In addition to training, developers should proceed carefully and dedicate more time to ensure they're implementing the correct packages that are free of any malware or vulnerabilities. While easier said than done, developers should approach the process of downloading and installing packages for projects through two different steps to eliminate cases of vulnerabilities. First, developers should view the package to ensure that it is safe. Once the package is determined safe and free of any malicious software, developers can then move forward with installation. By taking off the blinders and helping developers see through an alternative lens that examines the repercussions of insider threats and steps that may not always be taken, security teams can provide a clearer image and equally shed light on the larger context of how insider threats impact businesses and customers."


Joe Payne, CEO and President, Code42

"Insider threats are not a new problem, but the problem has grown substantially because almost all corporate data has been digitized and, with a mouse click, can be moved to a personal email, Dropbox or Github account. Almost all malicious data theft from insiders occurs when people change organizations, which is on the rise because of the Great Resignation and recent layoffs. A new approach to stop theft and reduce risk is required.

For years, security teams have approached insiders the same way they do malicious external threats - blocking data movement (and therefore internal collaboration) isn't as simple when it's a colleague. Security teams that are used to dealing with external threats will find their tactics aren't effective for handling internal threats. They need a new playbook and a new generation of technology.

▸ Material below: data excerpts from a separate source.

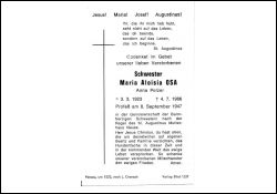 Maria Aloisia, OSA, geb. Pelzer | Vorname: |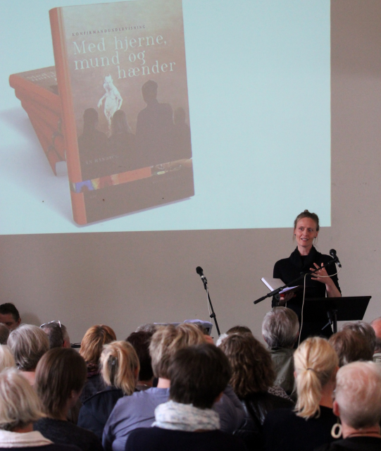 Folk fra nær og fjerne var samlet i Folkekirkens hus til en inspirationseftermiddag om konfirmandforberedelsen. Skolereformen udfordrer den traditionelle undervisning og en ny anordning rummer nye målsætninger. Den musikalske trio varmere rummet op med blide toner og eftertænksomme tekster. Fællesang blandede sig med indlæg over temaet og redaktør Ingrid Ank fra forlaget RPF præsenterede den nye håndbog til konfirmandforberedelsen. Et par ”postkonfirmander” bidrog til festligheden på deres blæserinstrumenter med en særlig udgave af ”I skovens dybe stille ro”.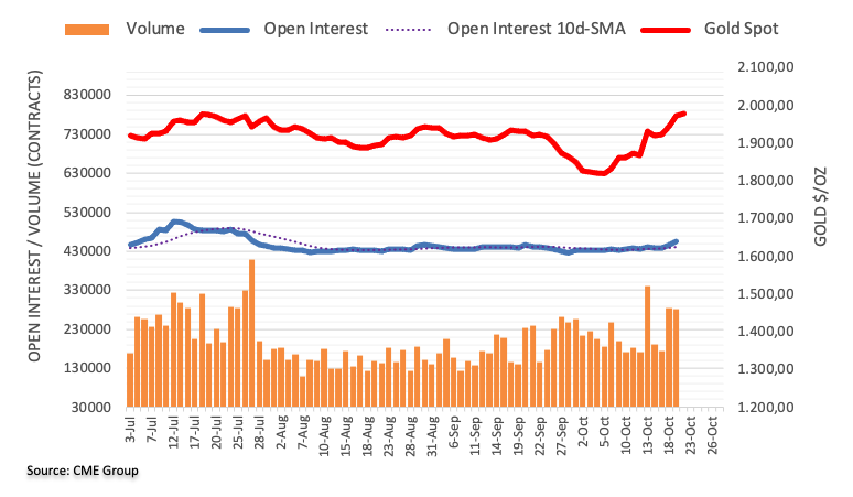 金价于周四进一步上扬并收盘于1970美元上方,為7月底以来首次。金价上涨之际未平仓合约成长,打𫔭短缐继续上扬的大门。对此,下一个目标要注意2000美元关卡。

Addressing insiders requires collaboration between security, HR and legal teams, leading with an empathetic approach. Often, employees are just trying to do their jobs when they create data risk. Investigative teams must shift their mindset before contacting the employee, get context to understand the situation and educate the employee to avoid future incidents. 

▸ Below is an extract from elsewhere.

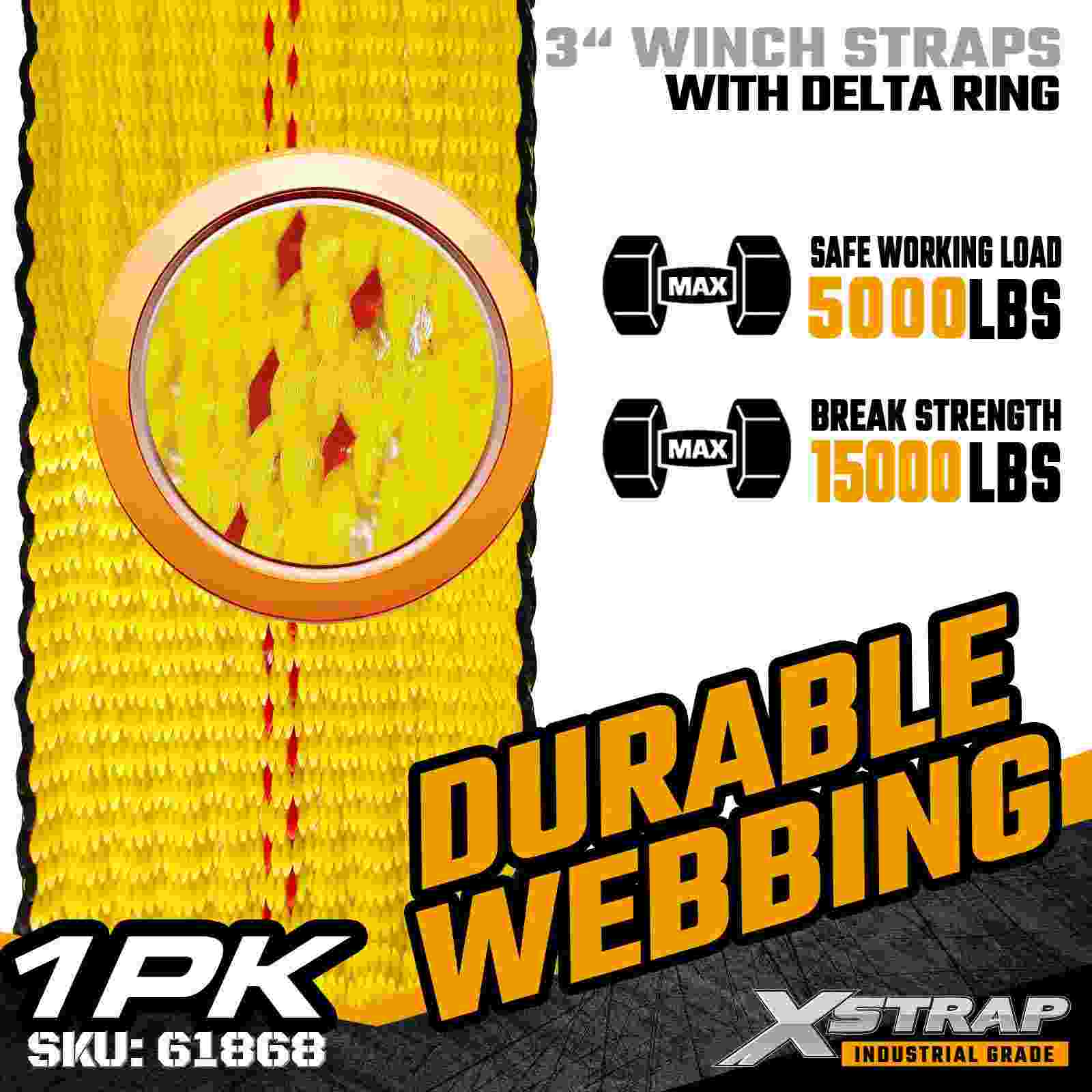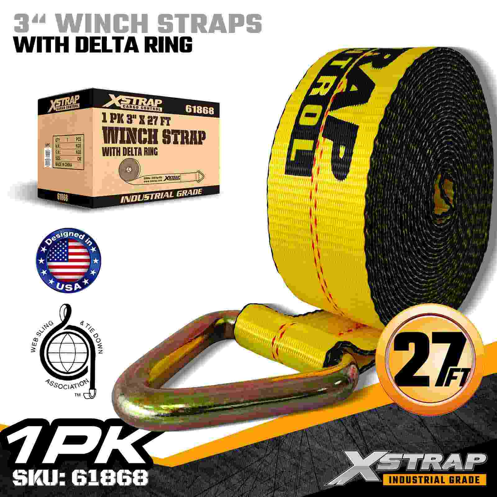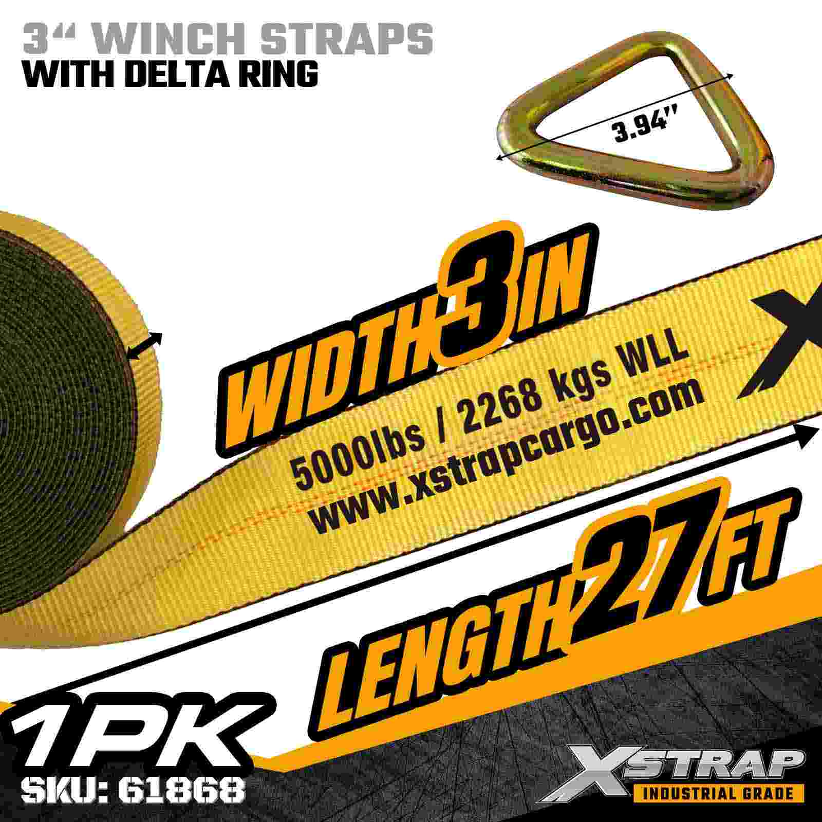 3 インチ × 27 フィートの標準ウインチ ストラップ、デルタ リング付き

For example, it's completely possible (and even likely) that your on-the-road sales member didn't realize downloading her customer list from Salesforce to a personal device created risk for the team - she just thought it would be easier to manage. Often, when a software developer puts his source code in his personal Github account, he thinks that this is okay and not against company policy. An empathetic approach is required in both examples to keep the employees engaged and productive. These simple steps can de-escalate stress for your users and help to build a culture of trust, open communication and respect, while also perpetuating a positive security culture."


Mike Scott, CISO, Immuta

"An uptick in insider threat related incidents has ushered greater awareness around the need to not only protect the sizeable volume of data collected and stored by organizations but also who has access to it.  While it's hard for some to believe that someone within an organization will proceed with malicious intent, many businesses are guilty of giving employees more access to data and privileges than they need. As people come and go and data further cements itself as an essential resource for modern businesses, more steps must be taken to guarantee its security. 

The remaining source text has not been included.